## Memory Systems and Memory-Centric Computing Systems Lecture 4b: Simulating Memory

Prof. Onur Mutlu omutlu@gmail.com https://people.inf.ethz.ch/omutlu 17 June 2019

TU Wien Fast Course 2019



**ETH** zürich



## Simulating Memory

## Evaluating New Ideas for New (Memory) Architectures

#### Potential Evaluation Methods

- How do we assess an idea will improve a target metric X?
- A variety of evaluation methods are available:
  - Theoretical proof
  - Analytical modeling/estimation
  - Simulation (at varying degrees of abstraction and accuracy)
  - Prototyping with a real system (e.g., FPGAs)
  - Real implementation

#### The Difficulty in Architectural Evaluation

- The answer is usually workload dependent
  - E.g., think caching
  - E.g., think pipelining
  - □ E.g., think any idea we talked about (RAIDR, Mem. Sched., ...)
- Workloads change
- System has many design choices and parameters
  - Architect needs to decide many ideas and many parameters for a design
  - Not easy to evaluate all possible combinations!
- System parameters may change

#### Simulation: The Field of Dreams

## Dreaming and Reality

- An architect is in part a dreamer, a creator
- Simulation is a key tool of the architect

#### Simulation enables

- The exploration of many dreams
- A reality check of the dreams
- Deciding which dream is better
- Simulation also enables
  - □ The ability to fool yourself with false dreams

#### Why High-Level Simulation?

- Problem: RTL simulation is intractable for design space exploration → too time consuming to design and evaluate
  - Especially over a large number of workloads
  - Especially if you want to predict the performance of a good chunk of a workload on a particular design
  - Especially if you want to consider many design choices
    - Cache size, associativity, block size, algorithms
    - Memory control and scheduling algorithms
    - In-order vs. out-of-order execution
    - Reservation station sizes, Id/st queue size, register file size, ...

• • • •

 Goal: Explore design choices quickly to see their impact on the workloads we are designing the platform for

#### Different Goals in Simulation

- Explore the design space quickly and see what you want to
  - potentially implement in a next-generation platform
  - propose as the next big idea to advance the state of the art
  - the goal is mainly to see relative effects of design decisions
- Match the behavior of an existing system so that you can
  - debug and verify it at cycle-level accuracy
  - propose small tweaks to the design that can make a difference in performance or energy
  - the goal is very high accuracy
- Other goals in-between:
  - Refine the explored design space without going into a full detailed, cycle-accurate design
  - Gain confidence in your design decisions made by higher-level design space exploration

#### Tradeoffs in Simulation

- Three metrics to evaluate a simulator
  - Speed
  - Flexibility
  - Accuracy
- Speed: How fast the simulator runs (xIPS, xCPS, slowdown)
- Flexibility: How quickly one can modify the simulator to evaluate different algorithms and design choices?
- Accuracy: How accurate the performance (energy) numbers the simulator generates are vs. a real design (Simulation error)
- The relative importance of these metrics varies depending on where you are in the design process (what your goal is)

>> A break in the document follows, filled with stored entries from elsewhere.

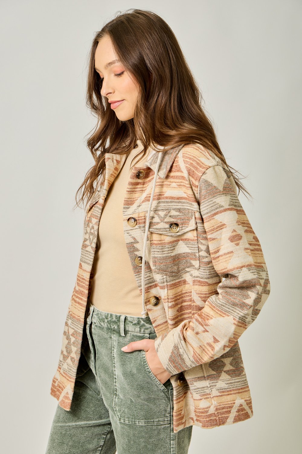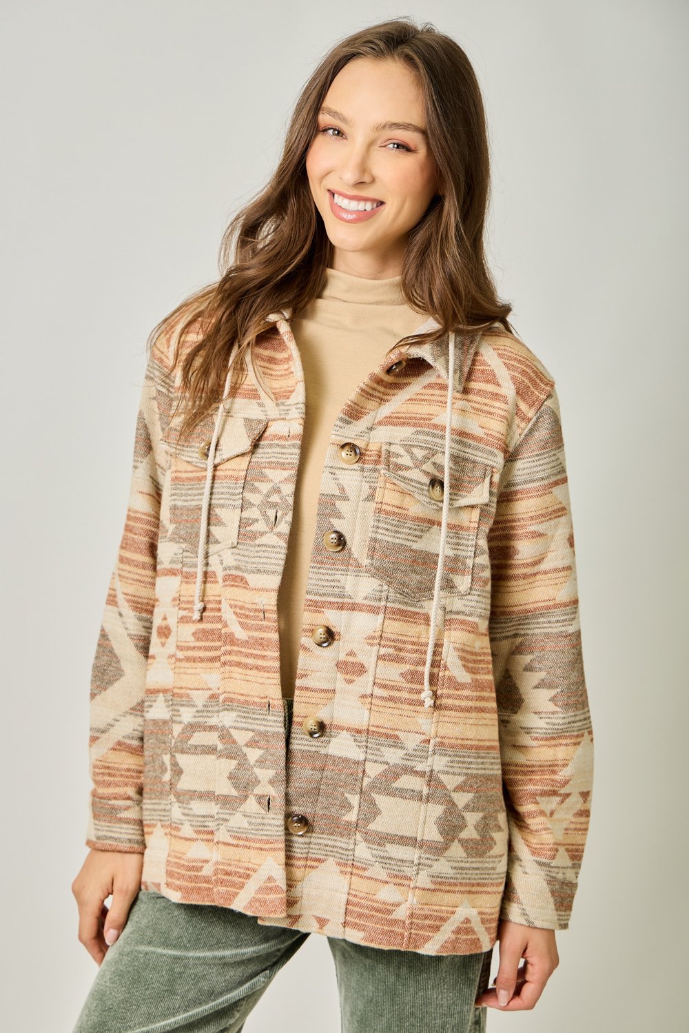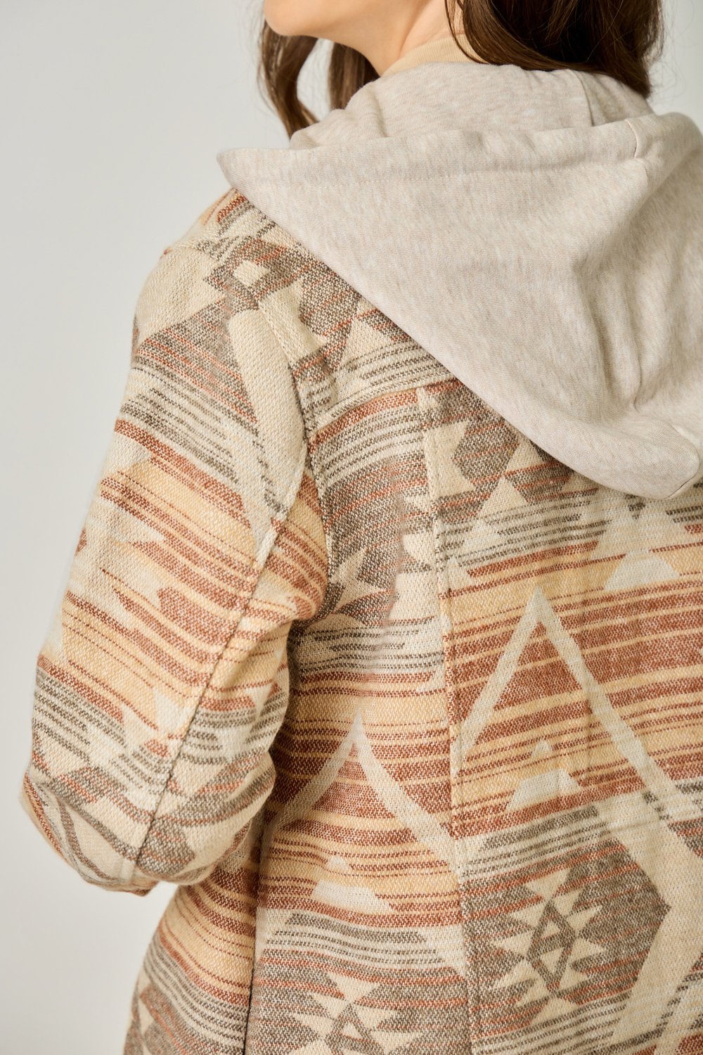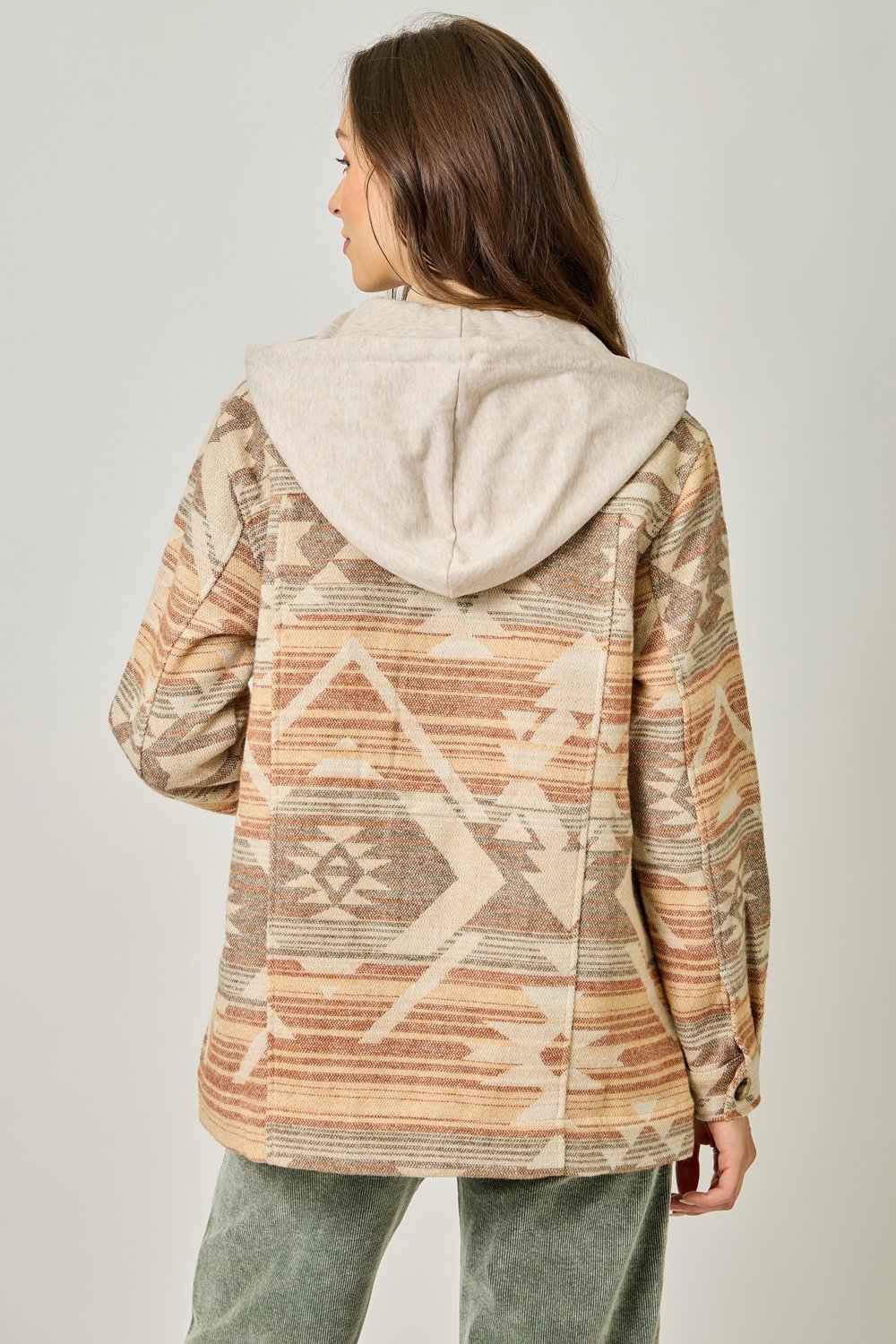 The Mystree Hoodie Aztec Jacket in Desert Sand Mix combines style and comfort effortlessly. Featuring a unique Aztec pattern, this jacket is designed with a drawstring hoodie for a customizable fit, and a button-down front for easy wear. Functional chest and side pockets add practicality, while long sleeves provide added warmth and comfort. Made from a soft blend of 95% polyester and 5% wool, with a durable contrast fabric of 73% polyester and 27% cotton, it offers the perfect balance of coziness and durability. The versatile desert sand mix color pairs well with any outfit, making it an essential piece for every wardrobe. Available in Small, Medium, and Large sizes, it’s the perfect addition to your casual chic collection.
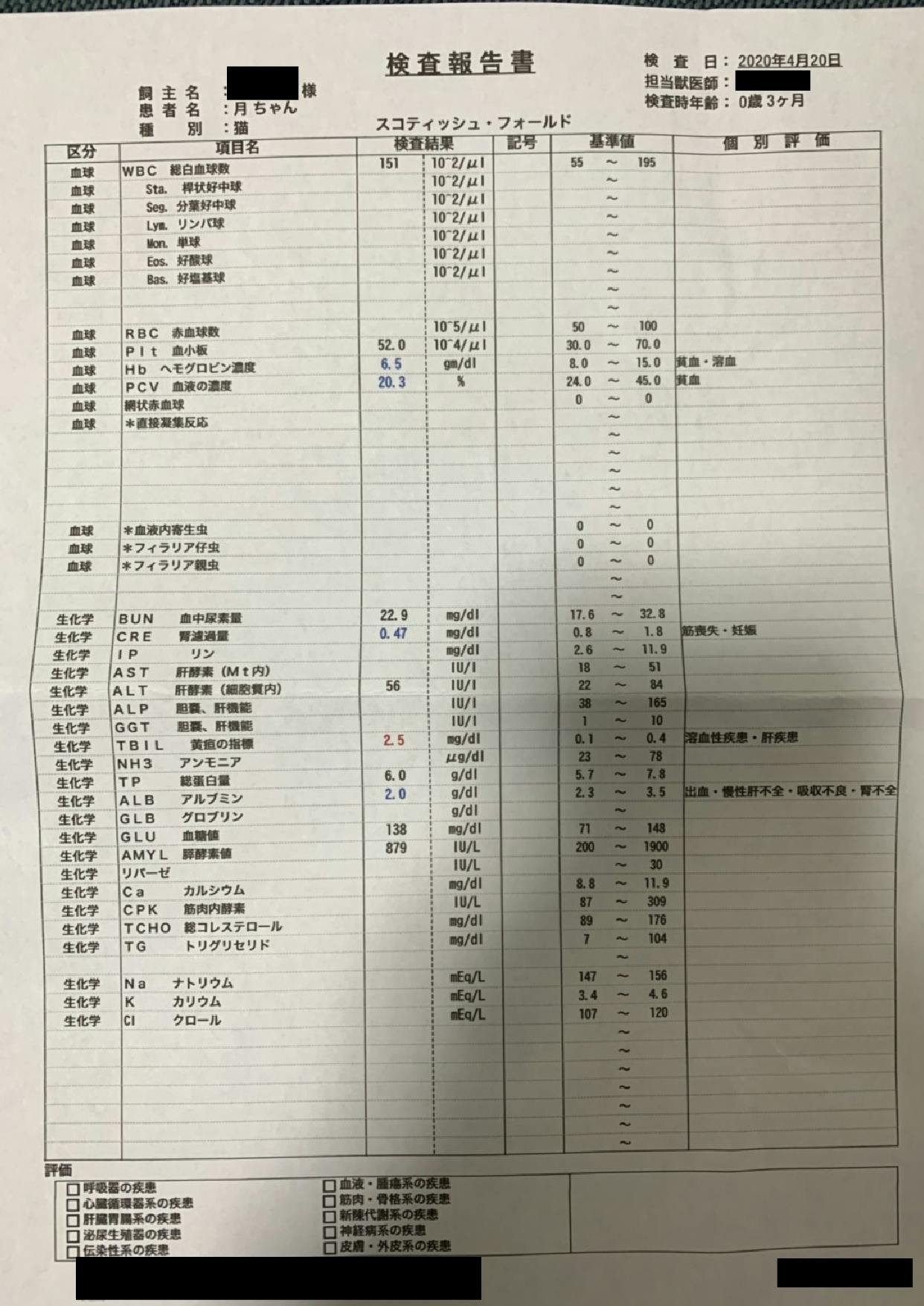 ですが、食事の量が減り、お腹が少し膨らんでいるように見えるなど月の様子がいつもと違う為、4月20日に病院に連れて行き検査をしたところ、お家に迎え入れてたった3週間という短い期間で、月はFIP(猫伝染性腹膜炎)という致死率100%とも言われる難病にかかっていることが発覚いたしました。まだ生後3ヶ月です。
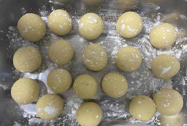 3、锅中加油,等到油热之后,揪小块面团,搓成一个又一个的小圆球,放入油锅中,进行油炸。
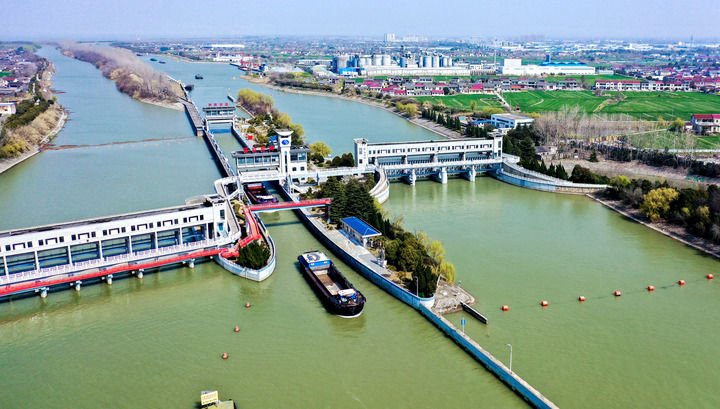 位于江蘇省揚(yáng)州市江都區(qū)的南水北調(diào)東線一期工程運鹽閘、邵仙套閘、邵仙閘洞(2024年3月19日攝,無人機(jī)照片)。新華社發(fā)(任飛攝)
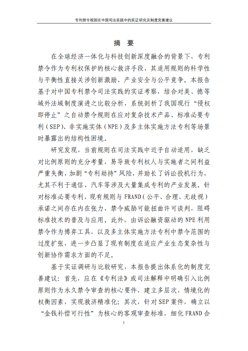 在全球经济一体化与科技创新深度融合的背景下,专利禁令作为专利权保护的核心救济手段,其适用规则的科学性与平衡性直接关涉创新激励、产业安全与公平竞争。本报告基于对中国专利禁令司法实践的实证考察,结合对美、德等域外法域制度演进之比较分析,系统剖析了我国现行“侵权即停止”之自动禁令规则在应对复杂技术产品、标准必要专利(SEP)、非实施实体(NPE)及多主体实施方法专利等场景时暴露出的结构性困境。
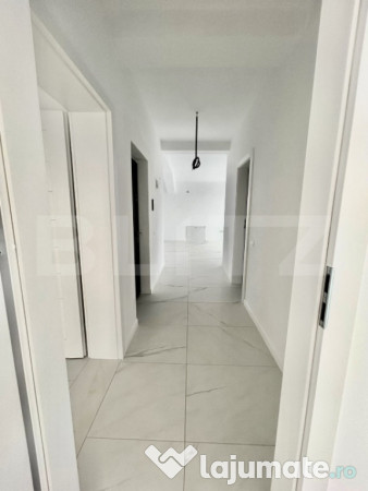 Blitz are placerea sa va prezinte spre vanzare un apartament cu 3 camere, localizat la limita zonei intre Giroc si Timisoara. Acesta este situat la etajul 3 intr-un imobil cu regim de inaltime P+3E. Constructia imobilului este noua si izolata. Suprafata utila a apartamentului este de 70 mp utili + 30 mp balcon. Detine incalzire in pardoseala, centrala proprie pe gaz si se preda finisat la cheie. Pentru mai multe detalii, va invitam la o vizionare.
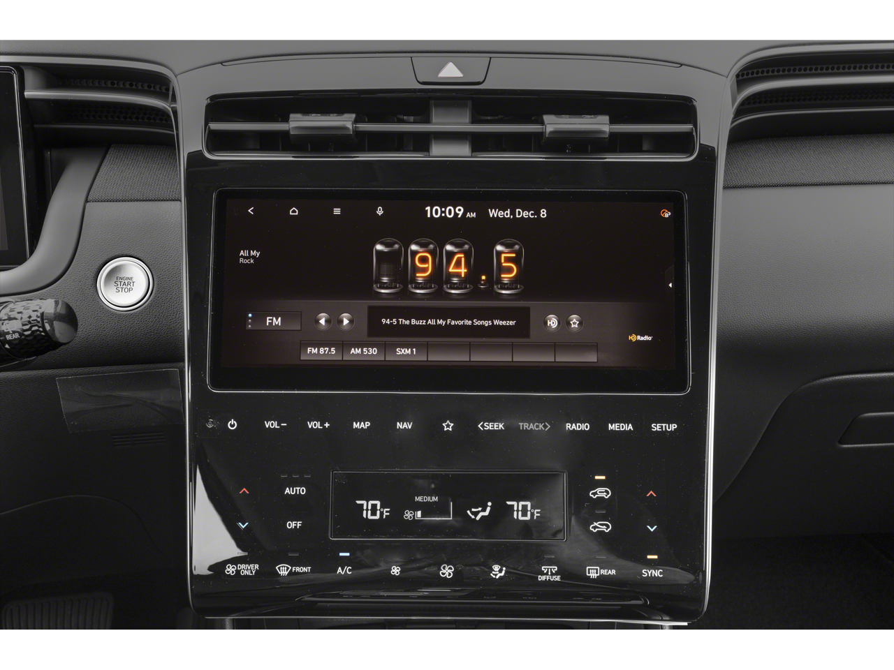 - Radio: Bose Premium w/AM/FM/HD/SiriusXM Audio System -inc: 10.25" color touchscreen w/onboard navigation and traffic flow including incident data via HD radio (HERE) (AVN 5.0), 8 speakers (1 twiddler on center of instrument panel, 2 tweeters, 2 front door, 2 rear door, 1 woofer on rear quarter panel), digital 8 channel amp w/custom equalization, digital signal processing and dynamic speed compensation, Blue Link connected car, Android Auto and Apple CarPlay, USB outlets and Bluetooth® w/voice recognition

## Trading Off Speed, Flexibility, Accuracy

- Speed & flexibility affect:
  - How quickly you can make design tradeoffs
- Accuracy affects:
  - How good your design tradeoffs may end up being
  - How fast you can build your simulator (simulator design time)
- Flexibility also affects:
  - How much human effort you need to spend modifying the simulator
- You can trade off between the three to achieve design exploration and decision goals

## High-Level Simulation

- Key Idea: Raise the abstraction level of modeling to give up some accuracy to enable speed & flexibility (and quick simulator design)
- Advantage
  - + Can still make the right tradeoffs, and can do it quickly
  - + All you need is modeling the key high-level factors, you can omit corner case conditions
  - + All you need is to get the "relative trends" accurately, not exact performance numbers
- Disadvantage
  - -- Opens up the possibility of potentially wrong decisions
    - -- How do you ensure you get the "relative trends" accurately?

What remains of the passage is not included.